Disabled sleep mode, also disabled vllm_importance_sampling_correction (which is what calls selective_log_softmax). Still failed - same async assert, this time deeper in _prepare_inputs. CUDA context becomes poisoned after a device-side assert; even subsequent torch.cuda.manual_seed_all() raises the same error. Forced kernel restart, lose the loaded model.

Where we are now

Three full GRPO runs in, no successful gradient step yet, ~30 min of A100 time burned across debug iterations. Two paths forward:

Path A - Revert to environment_factory, force XML via prompt engineering. Restore the original setup but rewrite the SYSTEM_PROMPT with explicit "DO NOT use json or python" warnings and three concrete <tool_call> few-shot examples. The SFT-bias toward markdown will fight the prompt, but maybe 30-50% compliance is enough to start producing gradients. Cheapest to try.

Path B - Custom rollout_func with CUDA_LAUNCH_BLOCKING=1. Re-run the rollout_func setup with synchronous CUDA so the next assert points at the actual line. Probably reveals an OOV-token issue we can clip defensively in the rollout_func itself.

I'm currently on Path A - already reverted the script, prompt now hard-pushes XML format, env_factory back in place. Restart kernel, push the revert, see what happens.

If Path A also fails, the fallback is to skip Qwen2.5-Coder entirely and use a smaller Qwen3 model (which TRL's parser knows natively) for the GRPO comparison. Less interesting story but faster path to a working number.


What I'd do differently

  • Pick a model TRL natively supports for the tool-calling format. Qwen3 (any size) instead of Qwen2.5-Coder. The format mismatch ate hours.
  • Rule out vLLM sleep_mode + LoRA from the start. This combo is fragile. Either disable sleep mode and pay the memory cost, or pick a smaller model that fits comfortably without sleeping.
  • Test the SFT model on the env before spending eval budget. 53 trajectories was always going to be a tight regime; an early in-process smoke test with eval_lora.py on 4-5 tasks would have set expectations correctly.
  • Trackio rename, not delete, for failed runs. The office-doc-grpo project on Trackio has a 0-reward run that's evidence of the format-mismatch issue, not waste. It stays as -attempt1.

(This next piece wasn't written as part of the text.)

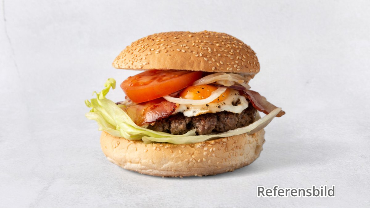 Med ägg, sallad, lök, bacon, hamburgerdressing, senap och ketchup. Välj storlek, tillbehör och dryck i nästa steg.

What still needs to happen

  • A successful GRPO run end-to-end (any path) with non-zero reward curve in Trackio.
  • Eval the GRPO'd model on the 22-task held-out split. Fill in the leaderboard's "GRPO" row.
  • Fair comparison: GRPO from base + fresh LoRA vs GRPO from SFT'd adapter. Both runs need to use the same prompt format and rollout path so the comparison is real.
  • Tighten the dashboard - add a Trackio embed in the dashboard once GRPO is producing curves worth showing.